Get on down to Oslo, in Hackney tonight, to hear Moriarty’. Named for the character of the same name, Dean Moriarty, in Jack Kerouac’s On The Road, the acclaimed French-American band are playing in support of their forthcoming third album ‘Epitaph’ which, will be released on July 6th.
Formed in 2005, Moriarty is a musical collective made up of five artists of French, American, Swiss and Vietnamese origin. The members were mainly born in France to American parents. Moriarty have a very solid reputation throughout Europe for playing live, where they use a multitude of weird and wonderful instruments to lay down layers of bluesy, cajun, folky sound before vocalist Rosemary Moriarty brings her considerable vocal talents to the party – she has a touch of the Karen Dalton & Nina Simone about her.
Produced and mixed by Renaud Létang, who has worked with such acts as The Kills, Feist, Lianne La Havas, and Manu Chao, ‘Epitaph’ is the band’s fourth album. This record starts where their second album, ‘The Missing Room’ ended: at the threshold of another world – the realm of spirits, ghosts and wandering souls. Not an album about death, but rather a bright, strange, unpredictable journey through “Underworld” (or afterworld).
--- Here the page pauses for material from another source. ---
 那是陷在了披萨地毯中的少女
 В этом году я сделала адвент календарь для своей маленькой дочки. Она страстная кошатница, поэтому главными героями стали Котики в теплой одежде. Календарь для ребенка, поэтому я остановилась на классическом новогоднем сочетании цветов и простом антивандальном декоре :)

The album features songs that the band had lost and forgotten, alongside those songs of love and lost – recorded in the attic of a farmhouse near a mining town in Eastern France.
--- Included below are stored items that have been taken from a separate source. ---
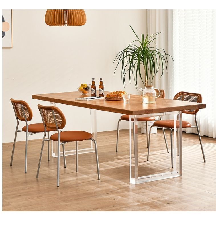 체리 우드 서스펜션 테이블 아크릴 테이블 다리 투명 단단한 나무 대형 보드 테이블 가정용 테이블 로그 스타일 다이닝 테이블스토어 가기
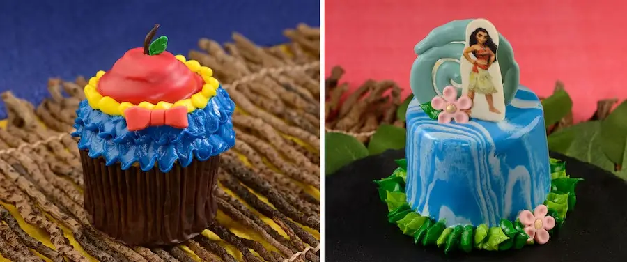 Snow White Cupcake: Vanilla cupcake with caramel apple filling, white chocolate-dipped caramel buttercream, and fondant décorDisney’s Polynesian Village Resort
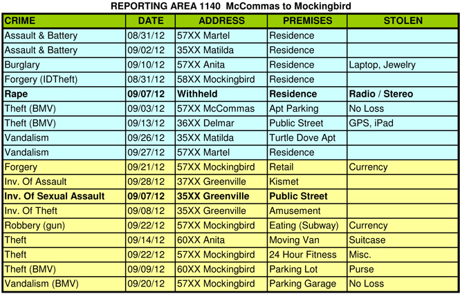 Last month I told you about two robberies that occurred on Greenville. Those are below, one on Lowest Greenville and the other near McCommas. Initially we thought the incidents were unrelated, but I’m hearing from our ENP officer that there are some similarities and it may be the same people who are also suspected in other incidents. Officer Keith also tells me that someone called in a suspicious person report that led to the capture of a suspect in the second robbery. In a third robbery, the Subway at Mockingbird and Greenville was robbed at gunpoint.
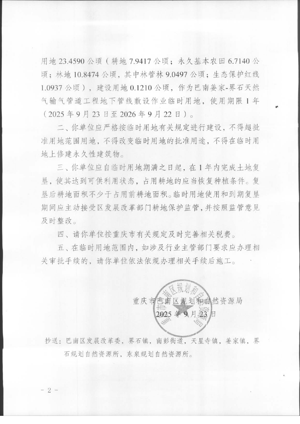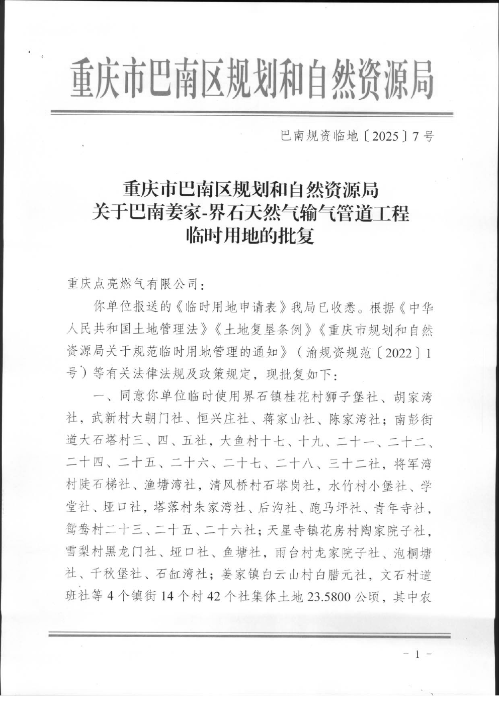 关于巴南姜家-界石天然气输气管道工程临时用地的批复-巴南规资临地〔2025〕7号
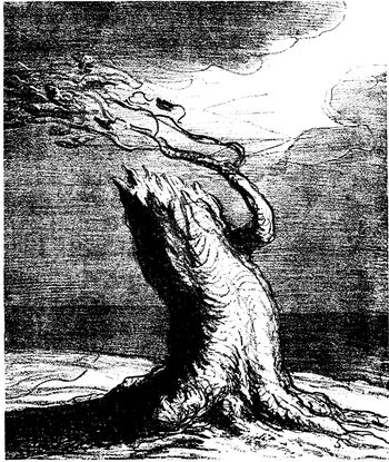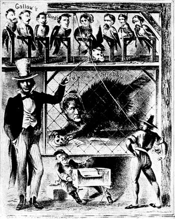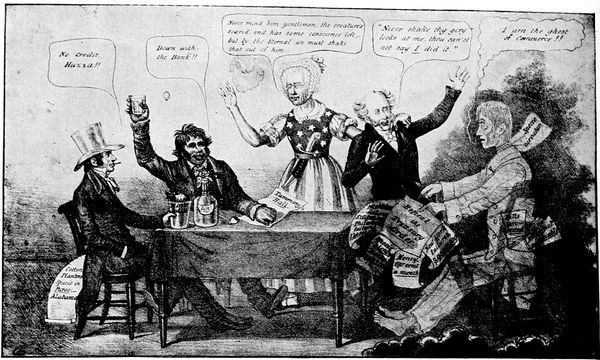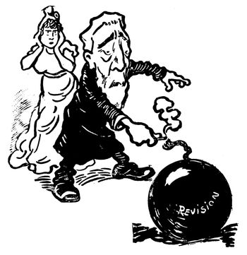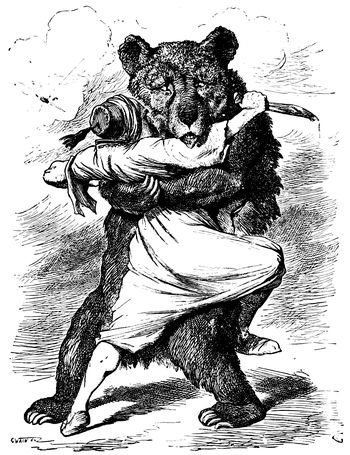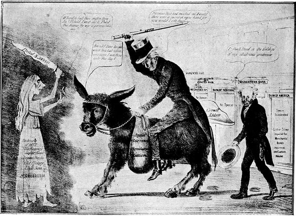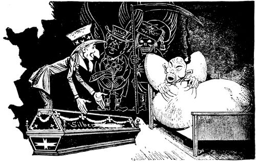 Mr. Bryan's appeal to the farmer in 1896 was hit off by Hamilton in a powerful, but exceedingly blasphemous, cartoon entitled "The Temptation." Bryan in the form of a huge angel of darkness has taken the farmer to the top of a high mountain to show him the riches of the world. As far as the eye can see stretch oceans and cities and hills and rivers and mountains of silver. It is a great pity that so grim and (p. 328) powerful a cartoon should have been marred by that display of bad taste which has been too frequent in the history of caricature.

“In 2014, after a few years of touring, we opened our archives, our suitcases and notebooks filled with unfinished fragments, forgotten instrumentals and obscure lyrics. We found old tracks recorded on dictaphones and 1/4-inch tapes, captured in the backstage of theatres, hotels and remote hideouts.”Â
‘Epitaph’ is at once catchy and compelling, bluesy and beat. Taken on a trip by the gorgeous voice of Rosemary Moriarty (real name Rosemary Standley), accompanied by guitars and double bass and harmonica, the listener is captured, and flung into a seedy smokey cafe, where we can just about make out through the haze the heroes of the beat generation Burroughs, Kerouac, Ginsberg and Cassady, reciting from their notebooks.